**REQUIRED ACTION**
Please go line by line and repeat the data below exactly, with no images.
DATASET SECTION below:
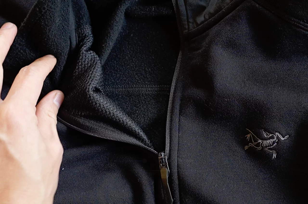 ジッパートップの裏側にはチンガードが備わっています。これはファスナーの金具が顎や口元、喉部分に直接触れず、不快感を軽減してくれるもので、内側に目立たないような形でついています。
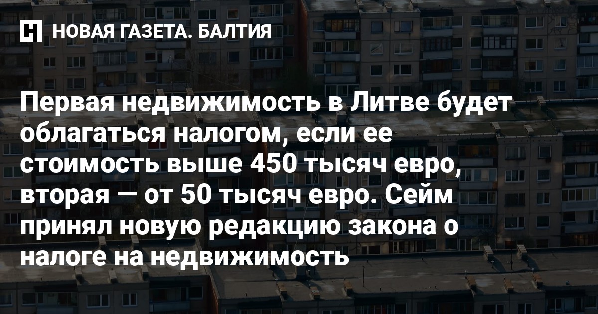 Сейм Литвы принял поправки к Закону о налоге на недвижимость, по которым первое жилье будет облагаться налогом, если его стоимость превышает 450 тысяч евро (для одного владельца) и 900 тысяч евро (для двух совладельцев).
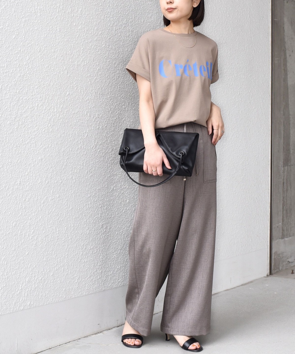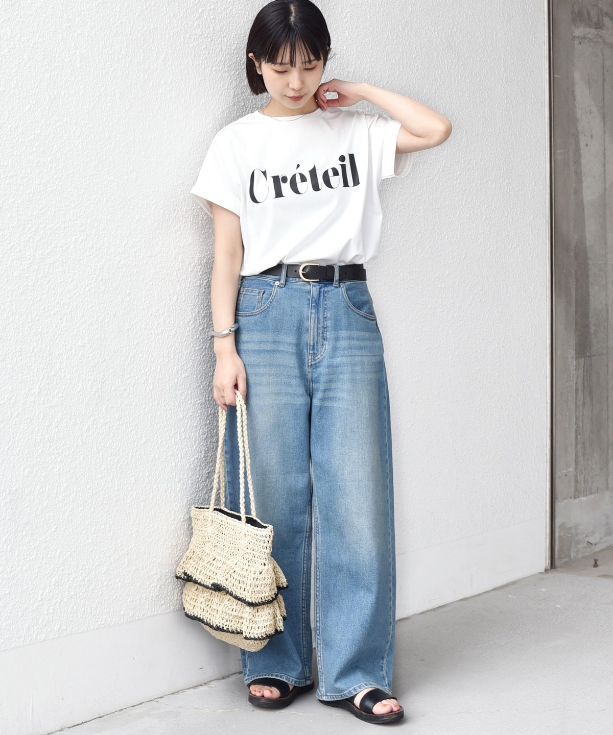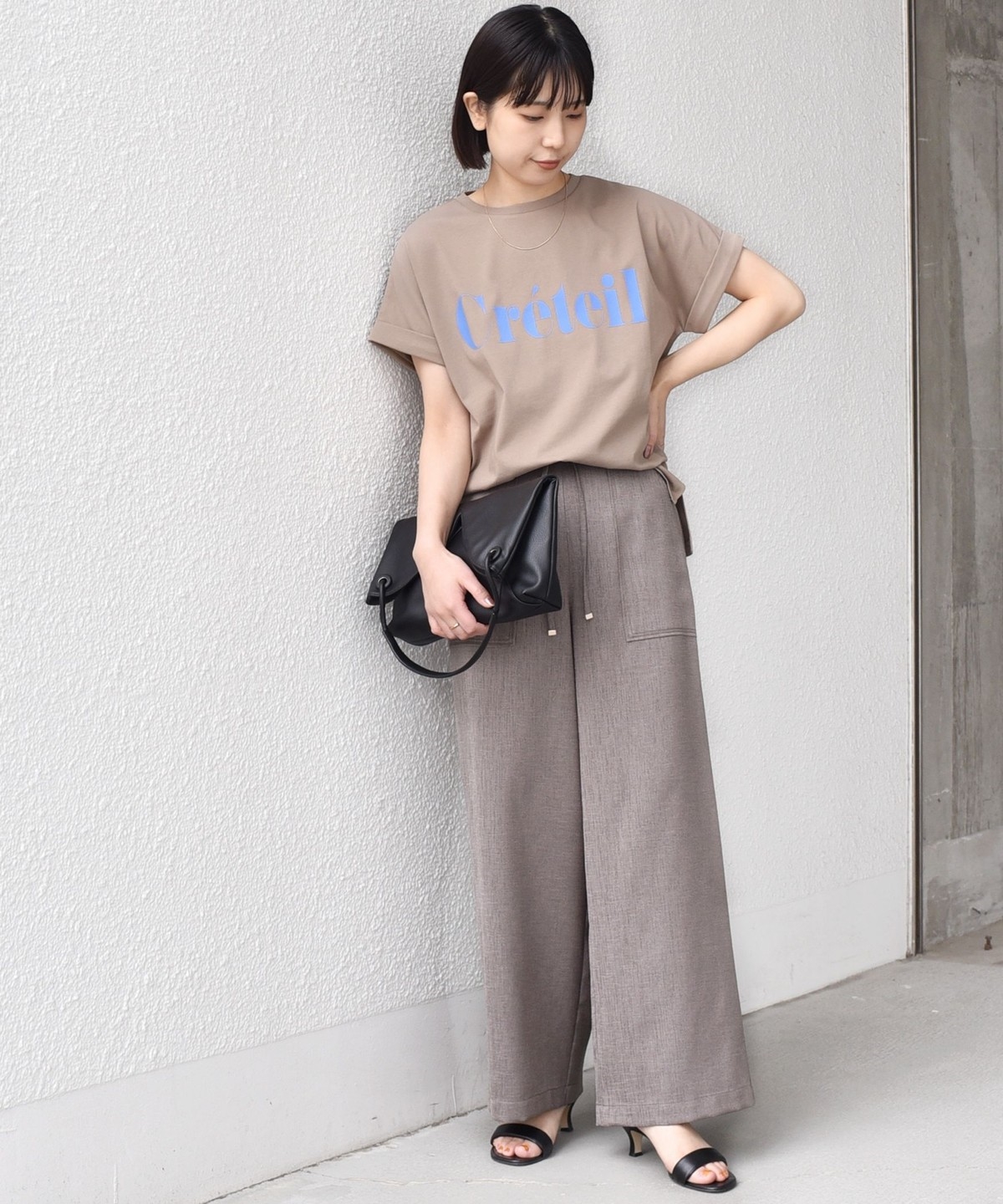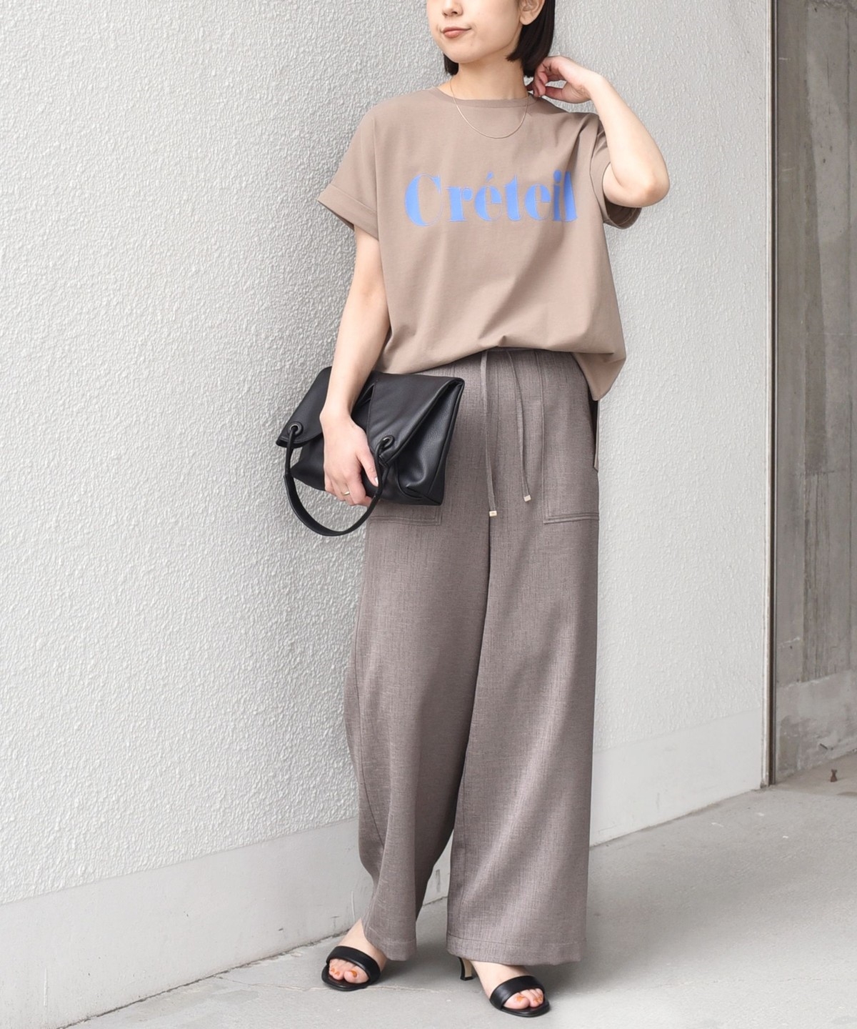 ゆったりとしたシルエットなので、タックインやフロントインしたアレンジもバランスよく決まります。
End of DATASET SECTION.
**WRITTEN RESPONSE**
 ジッパートップの裏側にはチンガードが備わっています。これはファスナーの金具が顎や口元、喉部分に直接触れず、不快感を軽減してくれるもので、内側に目立たないような形でついています。
 Сейм Литвы принял поправки к Закону о налоге на недвижимость, по которым первое жилье будет облагаться налогом, если его стоимость превышает 450 тысяч евро (для одного владельца) и 900 тысяч евро (для двух совладельцев).
 ゆったりとしたシルエットなので、タックインやフロントインしたアレンジもバランスよく決まります。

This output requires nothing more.